## [WORK TASK]
Write out exactly, please, every line from the beginning of the entries to the line holding "Identify a curated", and no pictures.

## [GIVEN DATA]
§
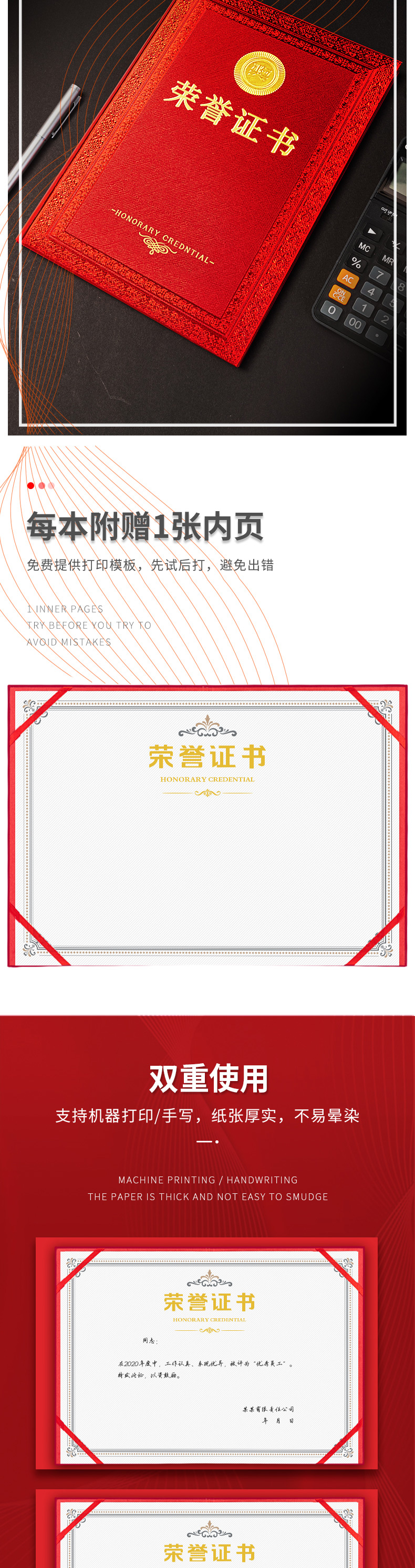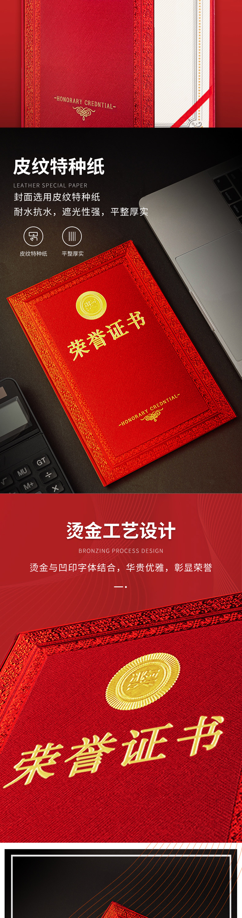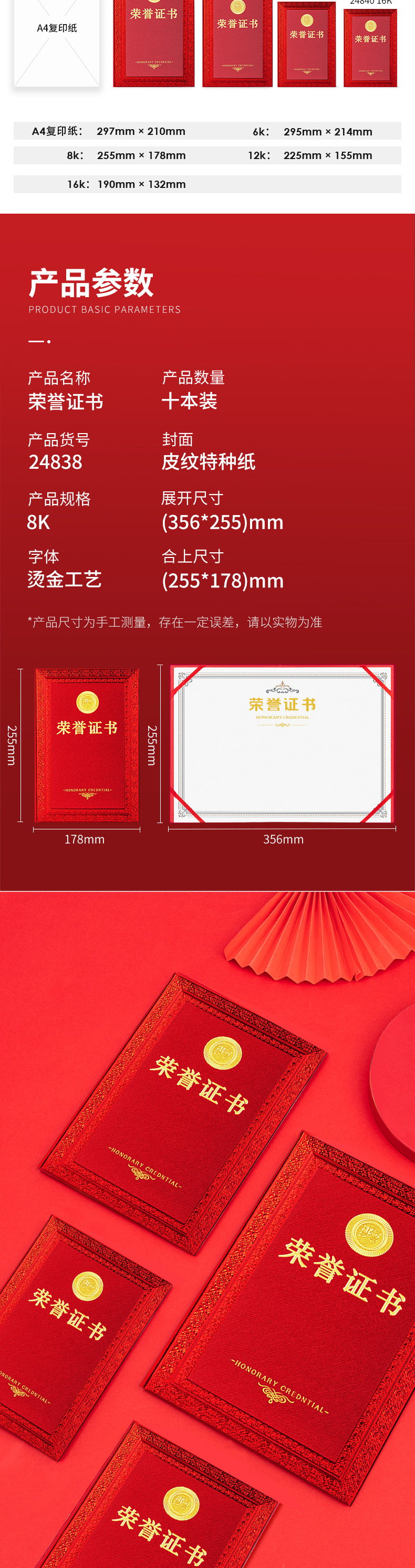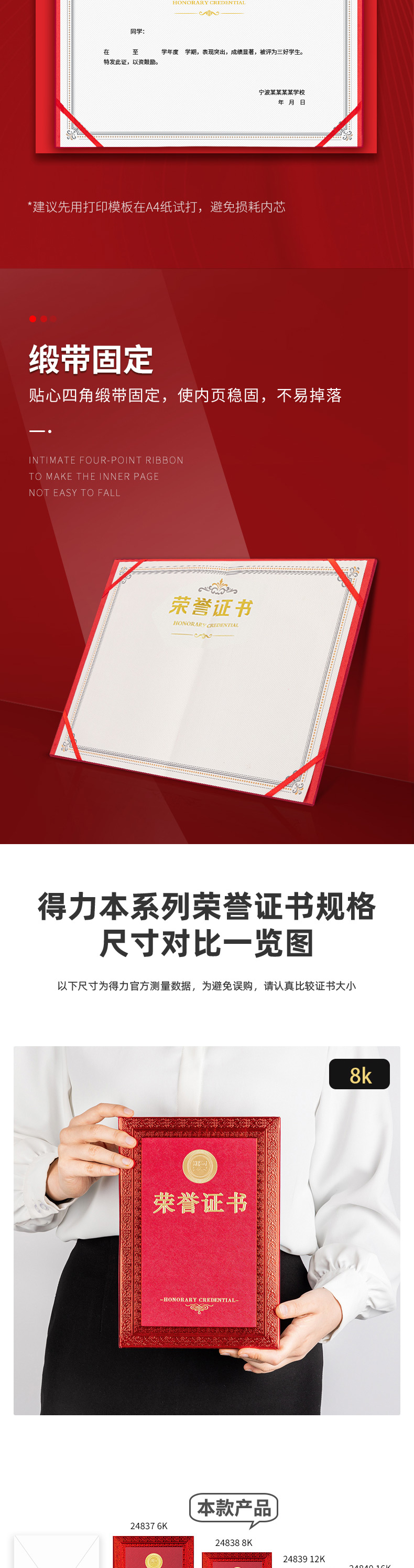 商品名称:得力24838荣誉证书 红色 8K 单位:本
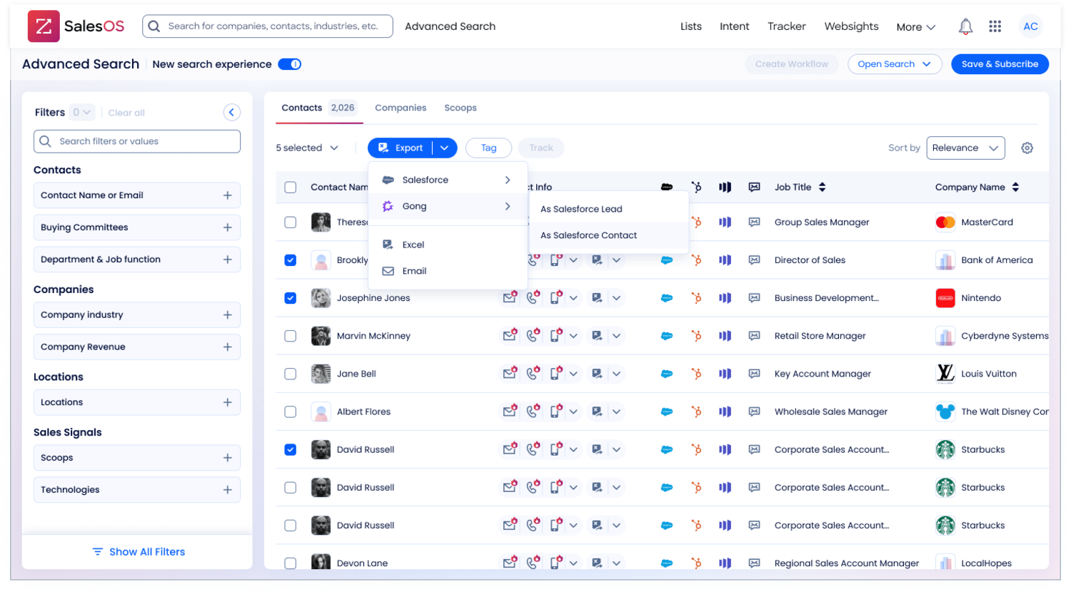 Identify a curated selection of target contacts backed by scores of data and export to Gong Engage Flows right from Zoominfo.
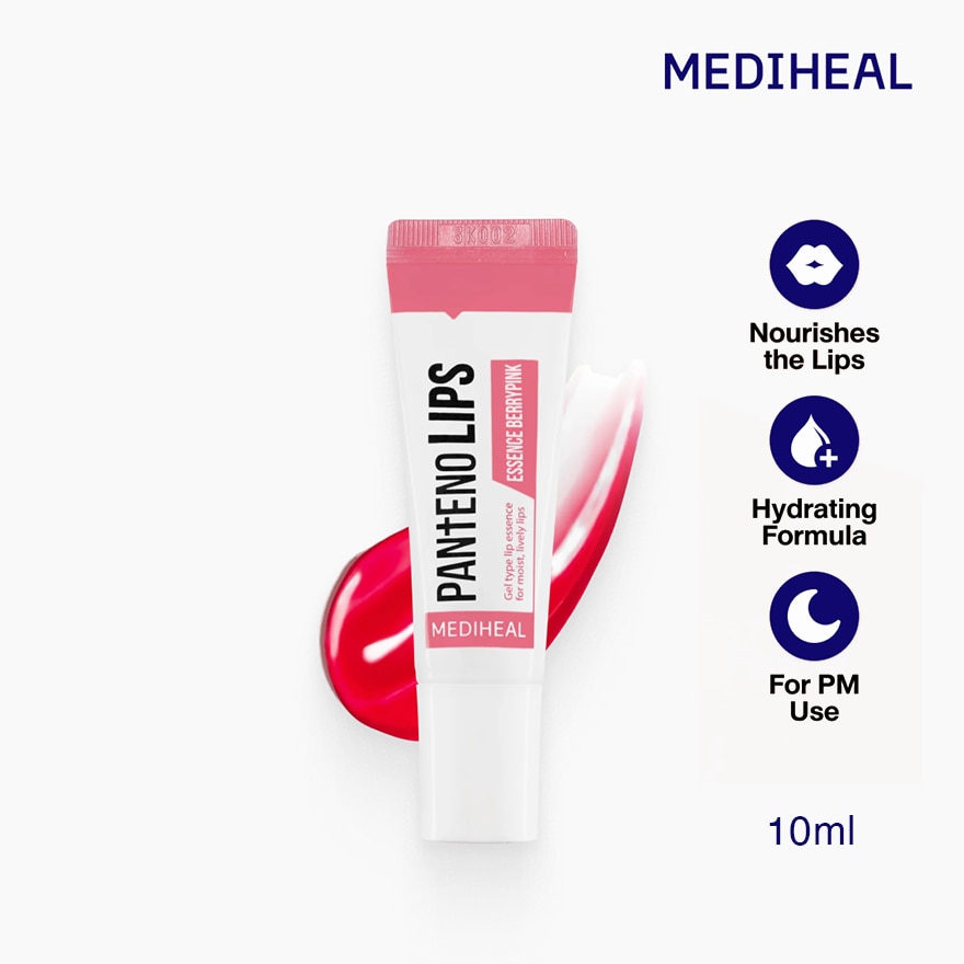 Mediheal Pantenolips Essence Berrypink Red and pink lip essence that fills dry and dull lips with natural vitality leading to smooth and glossy lip. Rich in anti-oxidants and helps reduce melanin pigment. With extracts from various berries, wild cherries, raspberries, and strawberries, as well as vitamin E. Helps adjust the color of dark lips. Return to pink natural look. Complete with deep nourishment Add moisture to your lips, making them smooth, soft and shiny. From panthenol and 5 types of natural oil extracts. Can be used on sensitive skin as it is dermatologically tested. No parabens, no preservatives. and no alcohol 1.Open the cap 2.squeeze a suitable amount on lips 3.then use fingers to apply evenly.
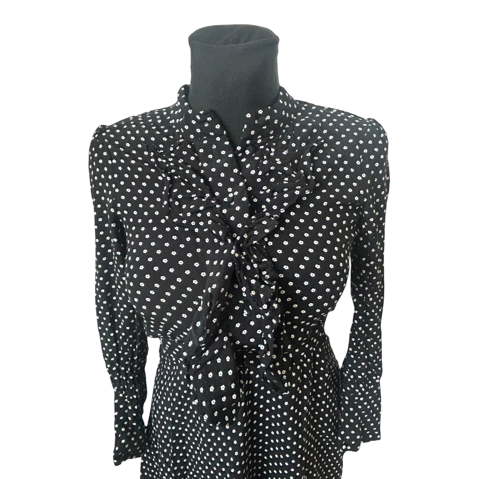 Wunderschönes feminines Kleid von Other Stories in Größe 34. Das Modell überzeugt mit einer fließenden Silhouette, dekorativen Rüschen im Brustbereich und kleinen Knöpfen an Ärmeln sowie vorne am Ausschnitt. Das schwarz-weiße Blütenmuster wirkt zeitlos und gleichzeitig modern.
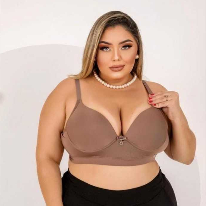 Sutiã Plus Size Sem Renda Reforçado com Bojo Liso Alça Larga Feminino Sustentação e Conforto RIZ LINGERIE
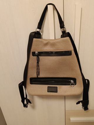 Mochila. Bolso. Antirrobo. Marca Senda Road. Color negro. De polipiel. Se puede llevar como mochila con las dos asas, o como bolso de hombro con el asa superior. Tiene dos bolsillos exteriores frontales y uno lateral que se cierran con cremallera, un bolsillo interior con cremallera y otros dos interiores sin cremallera. Mide: 30,5 x 28 x 9,5 cm (largo, alto, ancho). En perfecto estado.
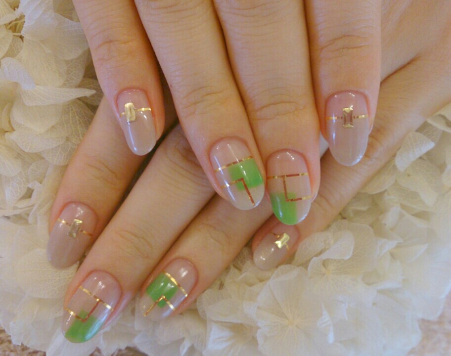 グレージュベースにグラスグリーンでブロッキング
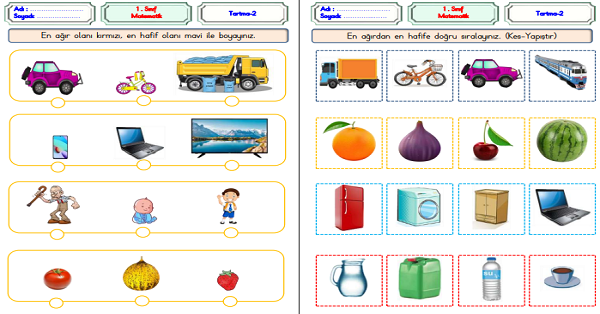 1.Sınıf Matematik Tartma Etkinlikleri-2 (Kes-Yapıştır)
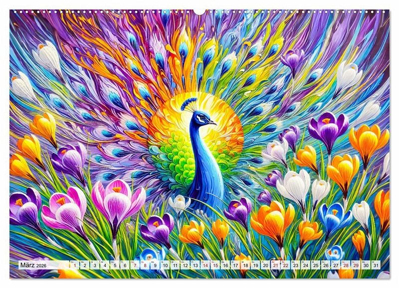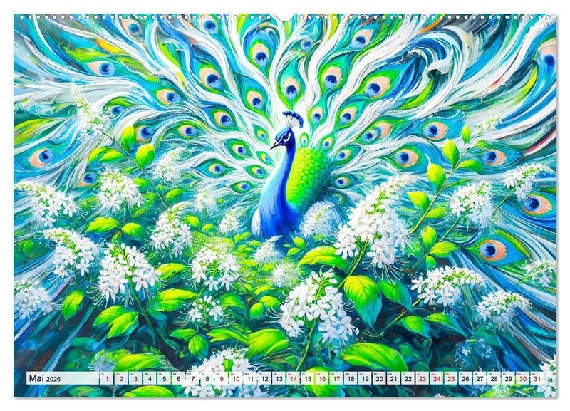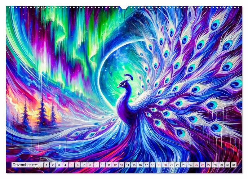 Erleben Sie mit "Tanz der Pfauen - Jahreszeiten in abstrakter Eleganz" die faszinierende Schönheit der Pfauen in einer einzigartigen künstlerischen Darstellung. Dieser Kalender begleitet Sie durch das Jahr und zeigt in jedem Monat atemberaubende, abstrakte KI-generierten Pfauenbilder, die die Farben und Stimmungen der Jahreszeiten einfangen. Von den kühlen Tönen des Winters bis zu den lebendigen Farben des Frühlings und Sommers - jede Seite ist ein Kunstwerk für sich.
§
## [ANSWER AREA]
 商品名称:得力24838荣誉证书 红色 8K 单位:本
 Identify a curated selection of target contacts backed by scores of data and export to Gong Engage Flows right from Zoominfo.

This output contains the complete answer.